Below are records; reproduce exactly the lines from the one that has "hand near the" through the one that has "Perfeito para quem", ends included, and nothing more.

DATA EXTRACT:
####################
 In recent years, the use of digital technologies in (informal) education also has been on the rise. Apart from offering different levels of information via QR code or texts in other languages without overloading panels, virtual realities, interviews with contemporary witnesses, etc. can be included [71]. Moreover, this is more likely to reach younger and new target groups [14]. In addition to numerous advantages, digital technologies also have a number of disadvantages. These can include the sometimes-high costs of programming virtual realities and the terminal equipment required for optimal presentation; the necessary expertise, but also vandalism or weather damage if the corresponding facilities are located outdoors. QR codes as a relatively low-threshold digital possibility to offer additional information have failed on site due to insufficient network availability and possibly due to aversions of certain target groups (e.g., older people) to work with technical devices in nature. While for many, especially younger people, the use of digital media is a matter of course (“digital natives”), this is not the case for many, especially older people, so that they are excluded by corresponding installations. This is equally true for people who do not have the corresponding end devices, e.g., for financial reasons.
####################
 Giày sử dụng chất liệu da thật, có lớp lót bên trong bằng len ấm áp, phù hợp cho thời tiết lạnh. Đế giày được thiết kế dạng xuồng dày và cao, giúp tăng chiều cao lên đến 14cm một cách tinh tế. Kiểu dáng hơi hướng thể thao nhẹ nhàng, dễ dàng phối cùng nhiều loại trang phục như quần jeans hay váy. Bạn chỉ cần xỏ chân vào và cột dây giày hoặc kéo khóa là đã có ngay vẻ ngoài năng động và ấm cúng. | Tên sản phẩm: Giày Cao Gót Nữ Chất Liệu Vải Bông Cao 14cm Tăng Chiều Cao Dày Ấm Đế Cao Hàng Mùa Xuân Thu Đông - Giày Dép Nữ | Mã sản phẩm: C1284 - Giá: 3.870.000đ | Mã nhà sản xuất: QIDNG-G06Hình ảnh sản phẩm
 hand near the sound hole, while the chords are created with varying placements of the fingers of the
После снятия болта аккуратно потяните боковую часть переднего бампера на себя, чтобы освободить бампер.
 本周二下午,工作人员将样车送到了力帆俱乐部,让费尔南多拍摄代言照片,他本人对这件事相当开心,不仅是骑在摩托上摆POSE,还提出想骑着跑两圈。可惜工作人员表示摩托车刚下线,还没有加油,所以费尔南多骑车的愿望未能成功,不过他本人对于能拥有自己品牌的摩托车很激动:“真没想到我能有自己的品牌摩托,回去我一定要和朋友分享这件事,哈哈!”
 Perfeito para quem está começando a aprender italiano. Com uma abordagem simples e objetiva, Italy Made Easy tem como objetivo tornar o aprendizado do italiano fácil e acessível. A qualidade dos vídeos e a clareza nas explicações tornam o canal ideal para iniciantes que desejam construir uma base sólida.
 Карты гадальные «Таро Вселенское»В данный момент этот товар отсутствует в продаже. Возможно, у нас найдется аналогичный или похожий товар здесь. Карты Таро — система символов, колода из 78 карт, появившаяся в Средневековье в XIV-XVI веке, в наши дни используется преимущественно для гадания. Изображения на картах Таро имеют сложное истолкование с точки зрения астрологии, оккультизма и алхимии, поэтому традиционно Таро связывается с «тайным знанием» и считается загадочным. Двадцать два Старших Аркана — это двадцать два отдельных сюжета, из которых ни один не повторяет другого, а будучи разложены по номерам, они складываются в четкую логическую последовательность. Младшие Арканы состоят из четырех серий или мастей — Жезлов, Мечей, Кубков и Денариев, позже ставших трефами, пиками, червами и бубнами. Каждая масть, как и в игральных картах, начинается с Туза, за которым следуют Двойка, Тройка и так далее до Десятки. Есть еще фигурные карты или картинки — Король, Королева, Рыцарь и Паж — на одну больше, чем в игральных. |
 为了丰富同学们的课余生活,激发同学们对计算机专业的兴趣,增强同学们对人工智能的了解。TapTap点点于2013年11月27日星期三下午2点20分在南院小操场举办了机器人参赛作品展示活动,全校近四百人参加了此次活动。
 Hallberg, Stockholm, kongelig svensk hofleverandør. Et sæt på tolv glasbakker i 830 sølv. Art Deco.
####################
TASK RESULT:
 hand near the sound hole, while the chords are created with varying placements of the fingers of the
После снятия болта аккуратно потяните боковую часть переднего бампера на себя, чтобы освободить бампер.
 本周二下午,工作人员将样车送到了力帆俱乐部,让费尔南多拍摄代言照片,他本人对这件事相当开心,不仅是骑在摩托上摆POSE,还提出想骑着跑两圈。可惜工作人员表示摩托车刚下线,还没有加油,所以费尔南多骑车的愿望未能成功,不过他本人对于能拥有自己品牌的摩托车很激动:“真没想到我能有自己的品牌摩托,回去我一定要和朋友分享这件事,哈哈!”
 Perfeito para quem está começando a aprender italiano. Com uma abordagem simples e objetiva, Italy Made Easy tem como objetivo tornar o aprendizado do italiano fácil e acessível. A qualidade dos vídeos e a clareza nas explicações tornam o canal ideal para iniciantes que desejam construir uma base sólida.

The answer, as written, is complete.